Über Straßen waren die Orte von Cinque Terre damals ja nicht zu erreichen. Als die Bahntrasse fertig war, hatte der winzige Treppelweg an der Küste als Transportweg zwar ausgedient, als „Verkehrs“-Weg im wahrsten Sinn des Wortes blieb er aber erhalten, weil sich die Jugendlichen der beiden Ortschaft – unbeobachtet von den Eltern – in der Abgeschiedenheit zwischen den steilen Weingärten mit Vorliebe getroffen haben. In den 60er-Jahren des vorigen Jahrhunderts wurde der Weg dann sogar ausgebaut und als „Via Nuova“ Bewohnern und Touristen gleichermaßen zur Verfügung gestellt. Was man damals noch nicht ahnen konnte: Der Treffpunkt der Liebenden war mit der Veröffentlichung der Love-Story im Zeitungs-Artikel nämlich weltweit bekannt geworden.

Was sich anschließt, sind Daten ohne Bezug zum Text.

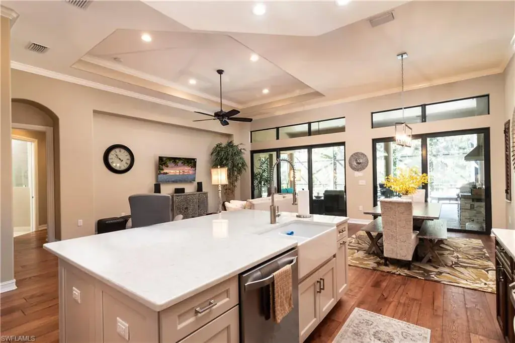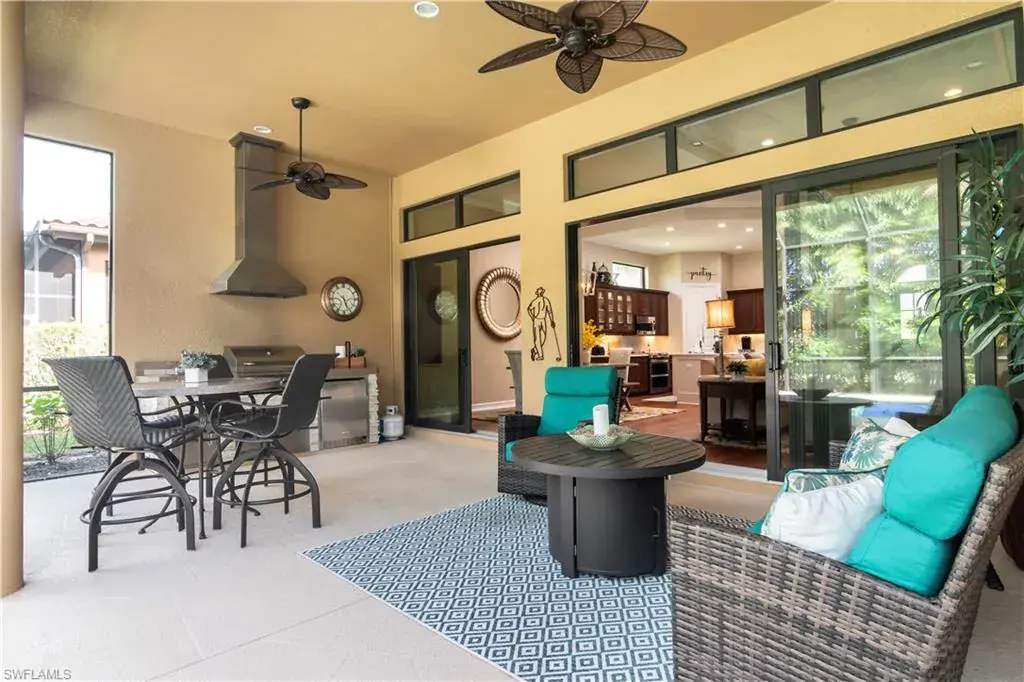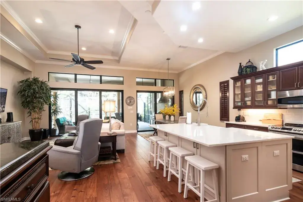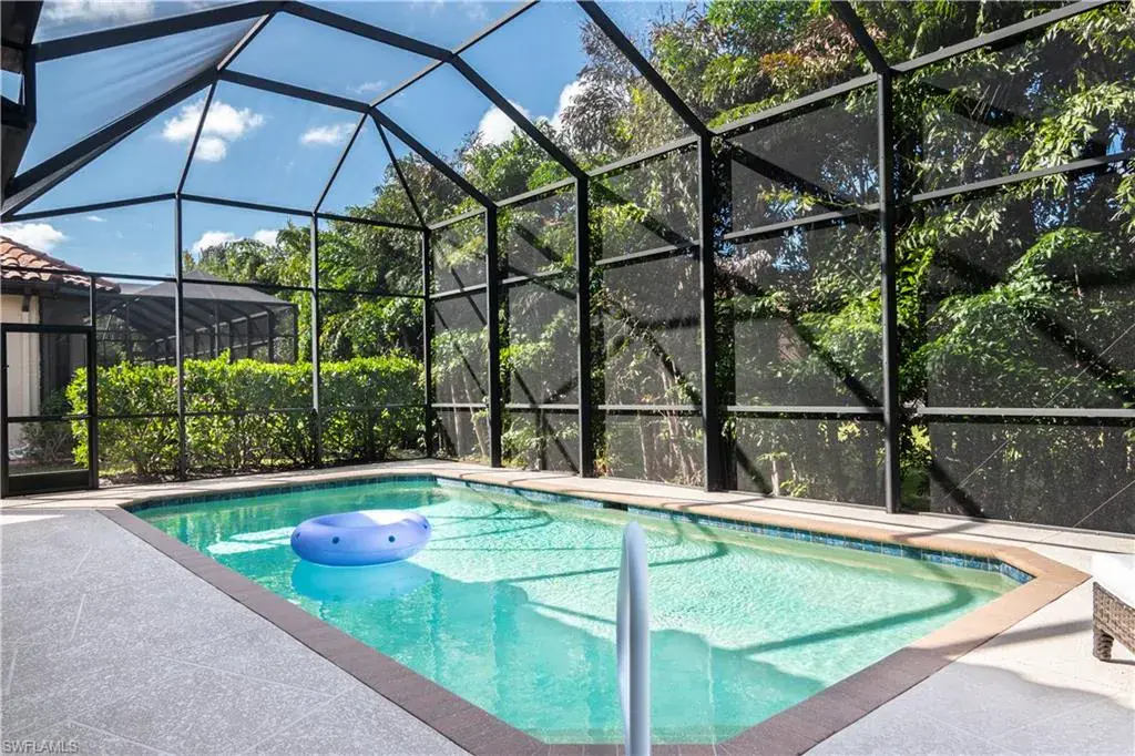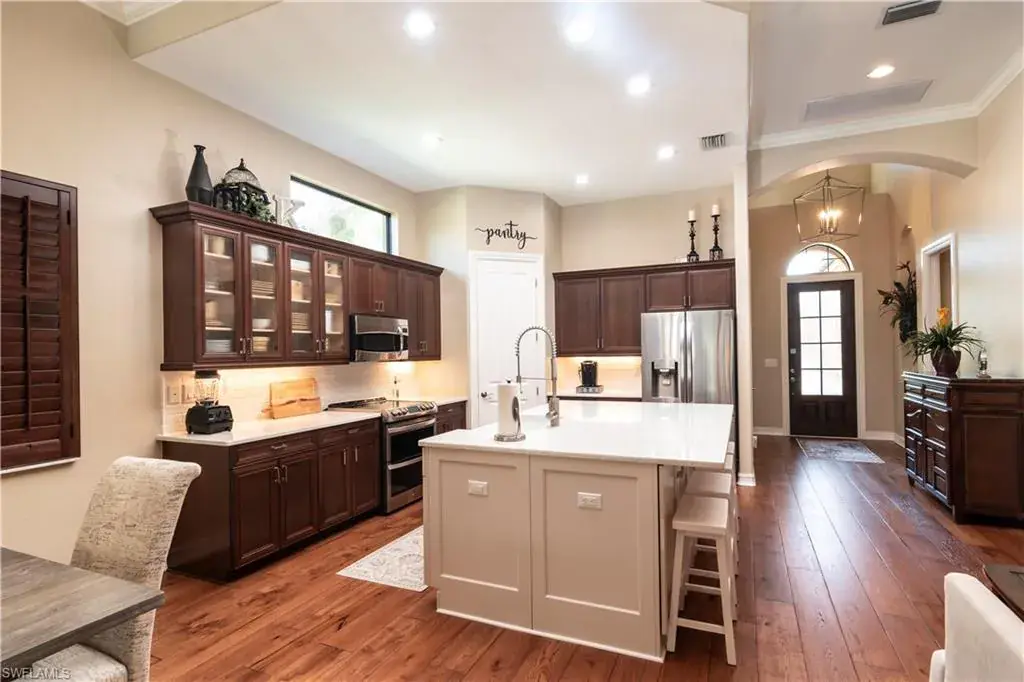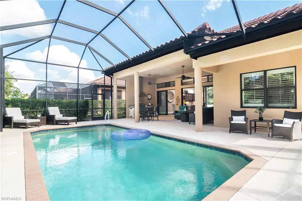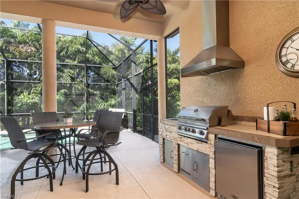 WOW! Every detail, top to bottom, has been upgraded in this 3 bed, 2 bath, San Remo III pool home. First impressions are everything with lush landscaping leading to the gorgeous high-impact iron and glass front door. The home opens to soaring 12 ft cove ceilings, transom windows for cascading natural light, extra canned ceiling lights, new light fixtures and fans, crown molding, plantation shutters, and an inviting West facing view of the pool and outdoor living space. Sunsets every night are the perfect backdrop to an open floor plan where entertaining is effortless between indoor and outdoor spaces. Totally renovated kitchen, one-level island with extra storage and pullouts, quartz countertops, newer appliances including a double oven, and built-in pantry shelving. Enjoy the best of alfresco living in a brand new outdoor kitchen with gas grill and exhaust hood, leaving nothing to be desired for your family grill master. Engineered wide plank wood flooring throughout, all high-impact windows and doors, renovated bathrooms with quartz counters, stunning walk-in shower in master bath, along with two vanities and extra cabinets. No shortage of storage space with additional closets created in hallway, laundry room, and office. Six feet of additional deep garage space with epoxy flooring, plus a finished floor in attic for even more storage. A very private and quiet neighborhood with low fees in North Naples! Close to everything. A must see community and home that will impress you at every turn. Luxury is in the details and this home has it all!

Tausende Liebende pilgerten seither nach Cinque Terre. Sie haben dort ihre heißen Liebesnachrichten und Malereien auf den Steinmauern hinterlassen oder haben Herzen mit ihren Initialen in Agaven oder Kakteen geritzt. Besonders eindrucksvoll sind auch die zahlreichen kleinen Schlösser, welche die Liebenden am Eisengeländer des knapp eineinhalb Kilometer langen Wanderweges angebracht haben, um ihre „ewigen Liebe“ zu besiegeln: Die Schlüssel der Schlösser landeten dann nämlich unwiederbringlich in den hohen Wellen des Meeres, um die Liebe des Paares „unentsperrbar“ werden zu lassen. Was dem Weg selbst leider nicht gelungen ist!
Sperre noch bis 2023
Die „Via dell’Amore“, der wohl berühmteste Wanderweg Italiens, musste nach einem Erdrutsch im Jahre 2012 zum Großteil gesperrt werden. Vier australische Touristen wurden damals beim Unglück schwer verletzt. Eine von der Staatsanwaltschaft verfügte Sperre war die Folge. Die sehr schwierigen rund 12 Millionen Euro teuren Sanierungsarbeiten sind aber bereits angelaufen. Ab 2023 soll der Weg der Liebenden von Riomaggiore nach Manarola wieder in voller Länge zur Verfügung stehen. Und zwar mit einem unglaublich schönen Panoramablick auf das azurblaue Mittelmeer. Diese Aussicht kann man aber auch schon jetzt auf dem kurzen offenen Teilstück des Weges, wenn auch etwas eingeschränkt, genießen. Allerdings als Vorsichtsmaßnahme nur in Wanderschuhen. Wer hier mit Flip-Flops erwischt wird, muss mit bis zu 2.500 Euro Strafe rechnen.